FIGURE 6.

Crystal structure of protomer of melB holo-pro-tyrosinase. A, structure of the chain A molecule. The copper-binding domain (domain I, Ser¹–Phe⁴⁶³) is colored in blue and the C-terminal domain (domain II, Gly⁴⁶⁴–Ala⁶¹⁶) in red. Putative proteolytic site (Lys⁴⁵⁷) is labeled and shown in orange. The N and C termini are indicated as N and C, respectively. The black arrow indicates Phe⁵¹³ from the C-terminal domain covering the active site. B, active site structure viewed from the C-terminal domain. Phe⁵¹³ is shown as a stick model colored in yellow. Dotted lines indicate closest contacts between atoms. C, superimposed structure of the copper-binding domain (blue) versus mushroom tyrosinase (PDB code 2Y9W) (gray). D, superimposed structure of active site structure of melB (cyan) versus mushroom tyrosinase (PDB code 2Y9W) (gray).
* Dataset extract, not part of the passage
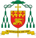 Fisher's coat of arms as an auxiliary referenced those of several past archbishops. The colors of red and gold were used in the coats of arms of archbishops Hickey, McCarrick, and Wuerl. The line embattled and red crosses reference the tower embattled and red cross in Wuerl's coat of arms. The lion, in addition to representing Fisher's patron saint, St. Mark, references the lion on Cardinal Hickey's coat of arms.[2]

E, superimposed structure of whole structure of melB (the copper-binding domain in cyan, and the C-terminal domain in red) versus Octopus hemocyanin (PDB code 1JS8) (gray and yellow). F, superimposed structure of active site structure of melB (cyan) versus Octopus hemocyanin (PDB code 1JS8) (gray). Both green and brown spheres and red spheres indicate copper and water, respectively. Residues are shown as sticks.